In a speech today at the Center for Strategic and International Studies, Nguyen is expected to call for a series of steps to move the bilateral relationship forward, and he will find his ideas reciprocated in Washington. As I noted in a working paper earlier this year, the U.S. relationship with Vietnam is well on its way toward becoming the United States’ closest strategic partnership in Southeast Asia, other than with Singapore. It is not impossible to imagine, in a decade or so, that Hanoi and Washington would become treaty allies. The joint vision statement issued just after Nguyen’s visit to the White House is but one sign of the new level of U.S.-Vietnam ties. Although Thailand is a U.S. treaty ally, Thailand’s decade-plus domestic turmoil has made it an unsteady, often distracted partner. The United States’ other treaty ally in Southeast Asia, the Philippines, is a vibrant democracy with close economic and cultural ties to the United States, but its regular (not reserve) armed forces are about half the size of Vietnam’s, and it remains tied down by its own ongoing insurgencies.
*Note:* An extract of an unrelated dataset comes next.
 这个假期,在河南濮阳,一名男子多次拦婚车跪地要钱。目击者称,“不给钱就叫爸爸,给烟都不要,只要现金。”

Vietnam, meanwhile, not only has an armed forces employing, overall, over 400,000 people but also an increasingly sophisticated navy. Hanoi also has slowly moved away from the strategy it has pursued since the 1990s of balancing relations between China, the United States, and other regional powers; the May/June 2014 South China Sea standoff between Hanoi and Beijing sped up Vietnam’s shift. As Alexander Vuving notes, “After the [South China Sea] incident, some members of the Vietnamese National Assembly called China an invader and an enemy, breaking a taboo that had been in place for more than two decades since the renormalization of Sino-Vietnamese relations in 1991.”

It is possible that, in the next decade, Vietnam will formally abandon the “three nos” of national defense policy---no military alliances, no foreign military bases on Vietnamese soil, and no reliance on external powers for Vietnamese defense---that has underpinned Hanoi’s strategy for decades. Vietnamese leaders have become so worried about China’s growing regional power that they have formed strategic partnerships, in the past five years, with the Philippines, Singapore, and Japan, among others. (The U.S.-Vietnam partnership is formally called a comprehensive partnership.) The partnership with the Philippines, which along with Vietnam is the most aggressive Southeast Asian claimant to the South China Sea, appears to have angered Beijing significantly---in some ways more than Vietnam’s ties with the United States.
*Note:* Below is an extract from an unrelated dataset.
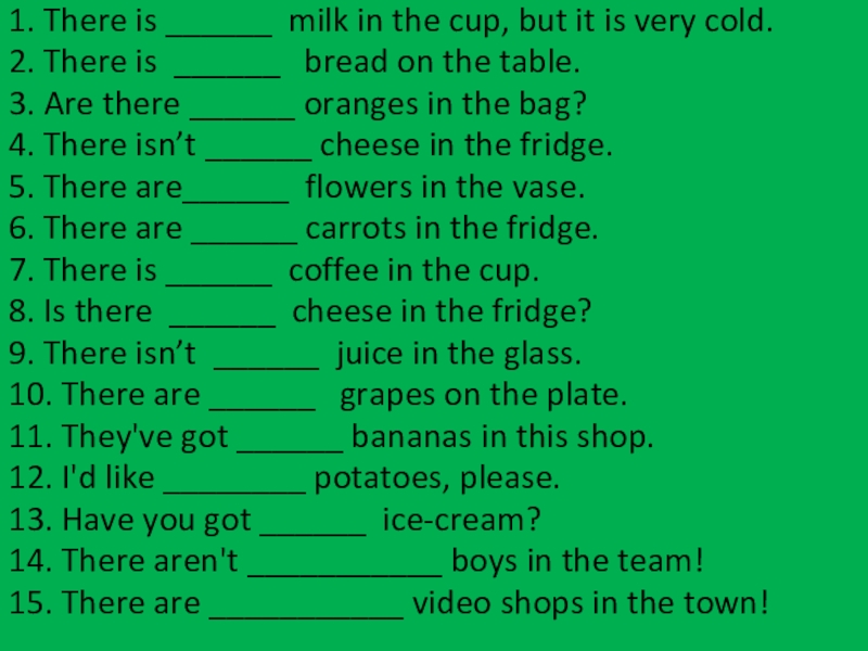 Слайд 371. There is ______ milk in the cup, but it is

By the end of President Obama’s second term, the U.S.-Vietnam relationship will likely become stronger in several ways. Vietnam’s willingness to join the TPP, despite being the poorest and, in many ways, most closed economy involved in the TPP, sends an important signal of Hanoi’s commitment to economic reform. Although Vietnam was already an important destination for U.S. investment, joining the TPP is likely to bring a new flow of investment from U.S. and Japanese firms, among others.

In addition, U.S. arms sales to Vietnam, allowed last year, are likely to be expanded. Although Vietnam’s human rights climate has not improved in the past five years---Freedom House notes that “in 2014, Vietnam continued to suppress freedom of expression online, in print, and through public demonstrations"---congressional opposition to arming Vietnam has waned, though a group of congresspeople did write the president expressing concern about human rights before Nguyen’s visit. On the eve of Nguyen’s visit, Human Rights Watch urged the United States and other countries to “press the Vietnamese government to end abusive policies and practices,” and used op-eds and other forums to remind Congress and other opinion leaders of Vietnam’s repressive rights record. But the lobbying appeared to have only a limited effect. Obama administration officials specifically told reporters that “there was no promise from Vietnam to release prisoners or amend free speech laws in exchange for [Nguyen’s] meeting with Obama,” according to the Washington Post.

Ten years ago, concerns about Vietnam’s rights record might have led Congress to seriously criticize, and try to block, an invite to Washington for the Party chief. But with the Republicans in control of the Senate for now, and Senator John McCain chairing the Armed Services Committee, the most influential congressional advocate of arming Hanoi and building closer ties wields significant power.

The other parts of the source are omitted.